In a market with tight inventory, some buyers see a rusting HVAC unit, or minor evidence of leaking plumbing, and tend to gloss over such minor imperfections, thinking they can fix them later. Central A/C units, furnaces, roofs, and plumbing can all turn into nightmare repair expenses. Your real estate agent will doubtlessly try to dismiss those concerns with a supplemental home warranty, most of which, at least in my personal experience, aren’t worth the paper they’re printed on. If your gut doesn’t like the way the roof looks, pay attention to that feeling.

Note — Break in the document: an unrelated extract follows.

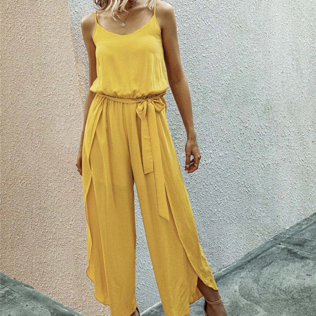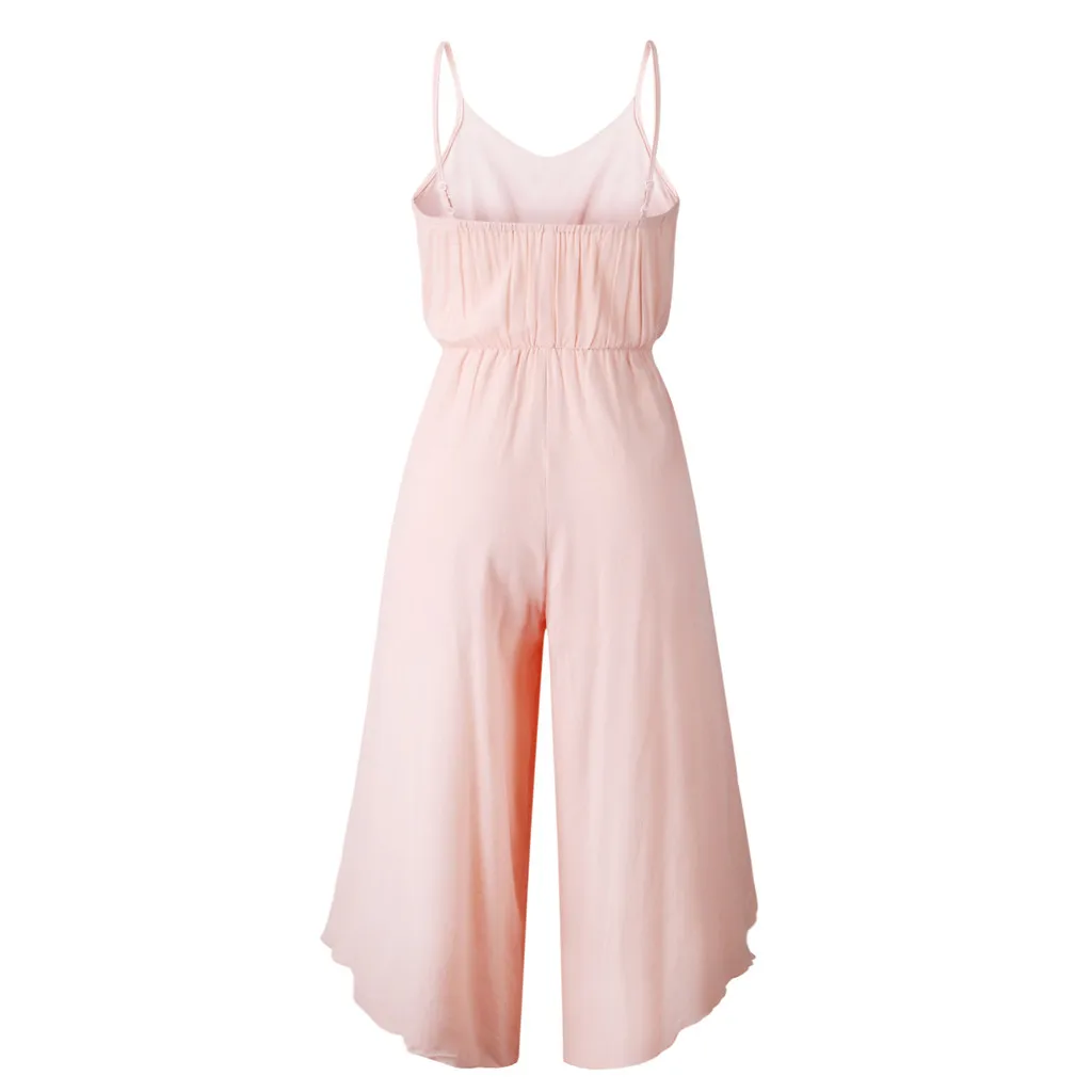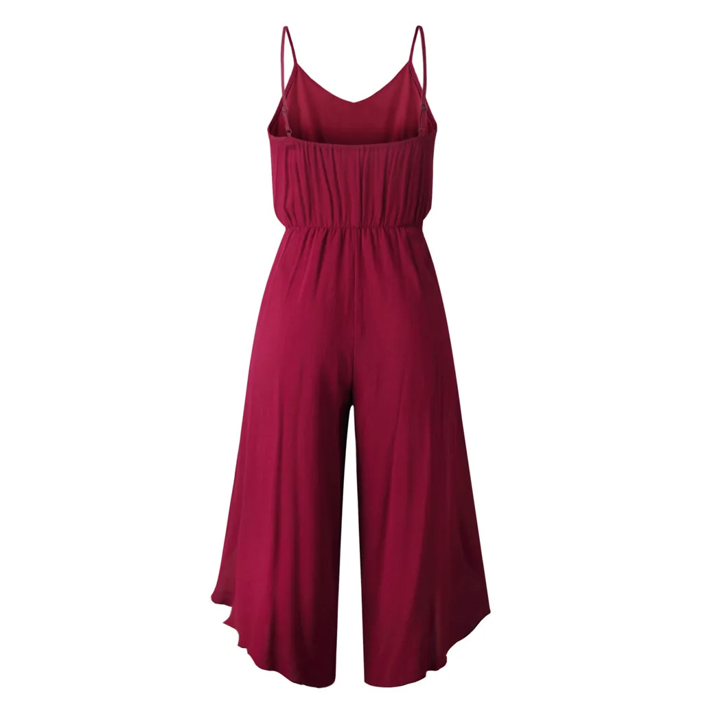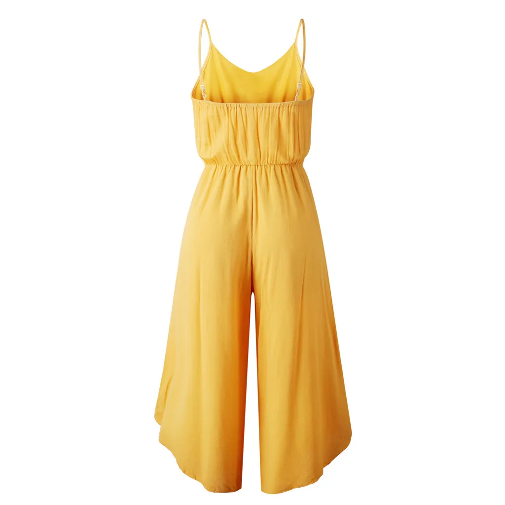 Женский сплошной длинный комбинезон без рукавов, повседневный цельный свободный верхний комбинезон

The problem with being nailed to the ground is that city and county governments tend to see your home as a brick-faced ATM. They set the budget, then turn around and tell you what your share is going to cost. I’d love to be able to manage my budget that way. Not only do people forget about their tax bill, they forget it can go up; sometimes way up. We bought a house in the county one time in an area that was eventually annexed by a nearby city, and the property taxes literally doubled.


While it’s easy to check the high and low utility bill for a particular address by checking with the local utility supplier, the rate of energy inflation is harder to track. If your electric bill goes up by 2% per year, then you have to find 2% in energy savings every year to stay even. Even if you check the electric bill, there’s also water, sewer, and gas to consider. At a minimum, check to see if the utilities come from the same town listed as the home address. If your utility services comes from a neighboring town, frequently the utility sharing deal includes eventual neighborhood annexation.  If you get annexed you’ll be paying city property taxes and your kids might end up in a different school district, even if the home you originally purchased was in the county. Utilities are one of the sneaky ways cities broaden their tax base.

The more homes you buy, the longer your personal due diligence checklist will become. We need and deserve better housing options in America. Until we get them, let the buyer be wary.